¿Estaba pronosticado lluvia aquel día? No lo sé. No existían los celulares en aquel momento. Mis zapatos calzaban mis 14 años. Me gustaría poder olvidarlo todo.
Era un campo, o una quinta. Un espacio al aire libre. El cumpleaños de 15 de mi compañera de secundaria debía ser alegre, pero a mí siempre me costó socializar, por lo que me escondía en algún espacio alejado cada tanto, para tomar coraje y resistir el tiempo que durara la velada.
Mi memoria se vuelve una trampa cuando intento poner en palabras. Es como una puerta cerrada en los confines del pensamiento. Se me rehúsa el lenguaje, la palabra dicha, las emociones que desencadena el volver a exprimir ese viejo y gris espacio.
Había un quincho, una cancha enorme de futbol con sus arcos blancos. Un Metegol, también mesa de ping-pong. Cosas que no son usuales en este tipo de fiesta que te piden elegante sport y te obliga a comer un horrible catering barato. Si quisiera al menos visualizar qué hubo en aquella mesa dulce o si existió alguna torta.
Recuerdo las luces de la ambulancia. La voz de un policía dirigiéndose a mi papá pidiendo que no estacionara por mucho tiempo el auto. Preguntando si era para retirar a una persona, que debía aguardar a que dieran el ok.
Recuerdo las corridas hacia el pequeño techo del quincho que lucia como una casa antigua de paredes pesadas. Recostarme contra la pared, o la puerta abierta de color tan rojo vencido. Alguien gritó. Lo percibí por su boca abierta, por su mueca gigante y distorsionada. Para ese entonces mis oídos dolían y mis ojos mantenían un blanco turbio. Mi corazón se agitaba como un árbol desnudo de hojas.

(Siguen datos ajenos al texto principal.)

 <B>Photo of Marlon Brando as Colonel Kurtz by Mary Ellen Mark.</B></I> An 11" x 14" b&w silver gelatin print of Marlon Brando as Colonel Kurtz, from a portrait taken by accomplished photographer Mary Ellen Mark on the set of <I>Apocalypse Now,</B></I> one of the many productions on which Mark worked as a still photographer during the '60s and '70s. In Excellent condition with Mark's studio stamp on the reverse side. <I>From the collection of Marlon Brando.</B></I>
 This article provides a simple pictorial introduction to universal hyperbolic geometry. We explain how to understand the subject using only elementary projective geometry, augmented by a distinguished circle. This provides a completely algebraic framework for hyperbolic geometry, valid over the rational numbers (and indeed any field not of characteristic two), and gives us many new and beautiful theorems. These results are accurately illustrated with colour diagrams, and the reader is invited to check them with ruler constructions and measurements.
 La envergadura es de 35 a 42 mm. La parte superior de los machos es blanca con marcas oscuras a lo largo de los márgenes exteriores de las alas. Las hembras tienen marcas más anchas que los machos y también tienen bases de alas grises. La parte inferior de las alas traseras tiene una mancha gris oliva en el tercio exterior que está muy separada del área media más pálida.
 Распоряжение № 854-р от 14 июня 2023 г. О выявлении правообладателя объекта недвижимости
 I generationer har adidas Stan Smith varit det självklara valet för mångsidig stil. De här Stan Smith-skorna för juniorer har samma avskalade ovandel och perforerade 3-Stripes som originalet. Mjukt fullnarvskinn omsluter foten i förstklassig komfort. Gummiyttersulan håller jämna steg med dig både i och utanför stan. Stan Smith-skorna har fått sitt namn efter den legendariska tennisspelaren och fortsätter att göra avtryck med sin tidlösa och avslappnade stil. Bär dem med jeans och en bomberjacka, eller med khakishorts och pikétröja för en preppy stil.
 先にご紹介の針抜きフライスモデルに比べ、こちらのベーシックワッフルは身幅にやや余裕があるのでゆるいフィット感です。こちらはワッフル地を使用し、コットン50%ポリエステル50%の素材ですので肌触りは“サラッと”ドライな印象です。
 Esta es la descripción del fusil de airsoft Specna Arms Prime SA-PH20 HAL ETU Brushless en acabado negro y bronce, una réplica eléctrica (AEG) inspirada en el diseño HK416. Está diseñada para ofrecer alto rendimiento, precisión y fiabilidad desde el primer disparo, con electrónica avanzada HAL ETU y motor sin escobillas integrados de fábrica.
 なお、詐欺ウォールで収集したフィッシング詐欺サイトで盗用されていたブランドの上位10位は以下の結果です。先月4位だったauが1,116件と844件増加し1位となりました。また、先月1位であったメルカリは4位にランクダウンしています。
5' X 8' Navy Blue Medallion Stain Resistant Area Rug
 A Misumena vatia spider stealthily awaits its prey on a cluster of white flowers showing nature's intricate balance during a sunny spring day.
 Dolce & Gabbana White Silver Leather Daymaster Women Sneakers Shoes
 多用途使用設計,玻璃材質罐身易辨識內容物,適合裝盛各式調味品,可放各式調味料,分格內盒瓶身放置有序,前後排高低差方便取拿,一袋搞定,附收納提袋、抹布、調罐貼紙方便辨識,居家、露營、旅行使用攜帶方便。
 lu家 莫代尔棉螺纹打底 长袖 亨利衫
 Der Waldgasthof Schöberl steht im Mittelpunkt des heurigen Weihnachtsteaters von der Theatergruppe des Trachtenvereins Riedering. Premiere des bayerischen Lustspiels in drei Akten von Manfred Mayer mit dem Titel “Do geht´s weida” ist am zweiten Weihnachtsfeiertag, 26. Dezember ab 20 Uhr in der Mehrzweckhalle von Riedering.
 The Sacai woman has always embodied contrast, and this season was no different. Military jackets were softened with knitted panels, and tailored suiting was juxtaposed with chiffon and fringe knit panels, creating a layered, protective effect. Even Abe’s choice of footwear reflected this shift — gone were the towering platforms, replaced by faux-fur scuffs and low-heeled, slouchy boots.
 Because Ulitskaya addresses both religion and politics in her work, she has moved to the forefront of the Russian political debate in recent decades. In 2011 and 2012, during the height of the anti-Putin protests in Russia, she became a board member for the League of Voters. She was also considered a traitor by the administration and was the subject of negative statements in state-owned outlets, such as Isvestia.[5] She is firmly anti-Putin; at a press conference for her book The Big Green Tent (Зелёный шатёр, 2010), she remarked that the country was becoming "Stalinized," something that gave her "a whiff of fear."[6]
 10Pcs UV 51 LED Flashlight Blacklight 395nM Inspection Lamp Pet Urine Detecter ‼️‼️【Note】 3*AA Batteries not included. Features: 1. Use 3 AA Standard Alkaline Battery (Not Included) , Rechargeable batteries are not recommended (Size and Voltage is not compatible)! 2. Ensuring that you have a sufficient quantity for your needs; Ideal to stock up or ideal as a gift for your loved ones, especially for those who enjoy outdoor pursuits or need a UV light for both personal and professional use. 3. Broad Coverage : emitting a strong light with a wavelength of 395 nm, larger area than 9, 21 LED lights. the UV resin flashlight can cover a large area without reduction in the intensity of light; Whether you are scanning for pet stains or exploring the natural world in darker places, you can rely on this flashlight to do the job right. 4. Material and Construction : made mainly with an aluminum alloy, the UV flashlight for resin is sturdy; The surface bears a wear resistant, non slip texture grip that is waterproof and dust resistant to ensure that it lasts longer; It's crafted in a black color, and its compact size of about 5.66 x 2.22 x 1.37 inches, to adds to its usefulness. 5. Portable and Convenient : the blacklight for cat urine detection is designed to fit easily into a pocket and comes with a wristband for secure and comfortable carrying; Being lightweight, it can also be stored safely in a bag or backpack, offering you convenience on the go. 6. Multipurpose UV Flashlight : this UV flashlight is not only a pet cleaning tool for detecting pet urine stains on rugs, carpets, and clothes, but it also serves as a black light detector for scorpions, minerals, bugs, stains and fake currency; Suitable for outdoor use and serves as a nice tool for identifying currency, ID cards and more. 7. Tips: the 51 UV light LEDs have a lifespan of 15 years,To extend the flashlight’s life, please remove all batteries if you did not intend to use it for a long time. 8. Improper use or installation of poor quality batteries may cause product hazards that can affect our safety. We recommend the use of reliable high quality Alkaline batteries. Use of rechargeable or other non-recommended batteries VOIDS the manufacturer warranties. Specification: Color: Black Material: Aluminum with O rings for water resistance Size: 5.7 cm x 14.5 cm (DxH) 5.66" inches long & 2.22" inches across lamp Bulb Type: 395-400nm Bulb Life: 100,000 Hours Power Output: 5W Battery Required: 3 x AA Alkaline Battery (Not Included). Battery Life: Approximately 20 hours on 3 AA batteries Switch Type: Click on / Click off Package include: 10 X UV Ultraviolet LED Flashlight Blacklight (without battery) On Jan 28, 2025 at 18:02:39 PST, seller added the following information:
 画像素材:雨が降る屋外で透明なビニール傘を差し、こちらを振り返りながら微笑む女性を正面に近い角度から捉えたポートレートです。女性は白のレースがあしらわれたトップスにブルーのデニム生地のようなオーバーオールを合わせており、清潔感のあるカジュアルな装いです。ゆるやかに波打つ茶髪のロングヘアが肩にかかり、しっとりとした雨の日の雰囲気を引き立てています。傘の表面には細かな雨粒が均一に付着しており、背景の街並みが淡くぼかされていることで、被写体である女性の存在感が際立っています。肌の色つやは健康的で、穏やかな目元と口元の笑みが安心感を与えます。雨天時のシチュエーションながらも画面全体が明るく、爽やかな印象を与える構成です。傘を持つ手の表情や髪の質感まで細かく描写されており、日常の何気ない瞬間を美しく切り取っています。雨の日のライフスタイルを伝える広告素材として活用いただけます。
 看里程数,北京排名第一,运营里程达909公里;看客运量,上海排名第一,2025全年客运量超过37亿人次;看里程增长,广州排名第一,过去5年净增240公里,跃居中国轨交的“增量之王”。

No sé cuantos de mis compañeros estaban corriendo la pelota, ni como se formaron los equipos o si hubo tiempo de alegría en ese pasto alto y dibujado.
Quisiera olvidarlo todo. Por eso, la claridad con que podría dar en contar como una anécdota de mi juventud, carece de certezas. Mis manos tiemblan frente a lo reprimido.
Uno de mis amigos era el que tenía la pelota más cerca y que sonreía con toda la vida del mundo. A él, solo a él fue quien perdí. El rayo que hizo mover la tierra. El infinito tiempo que se tomó para dejarlo en migajas se grabó en mis ojos. Un terror ciego y crudo.
Nunca sentí las gotas. Llovía. Mi cuerpo no estaba para sentir nada. No pude ser valiente. No volví a mirar atrás. Las tormentas, cuando son eléctricas y el cielo se prende, recuerda mi fragilidad.
Dictaminaron una semana de clases por duelo. Alguien dijo que no quedo ningún cuerpo que enterrar.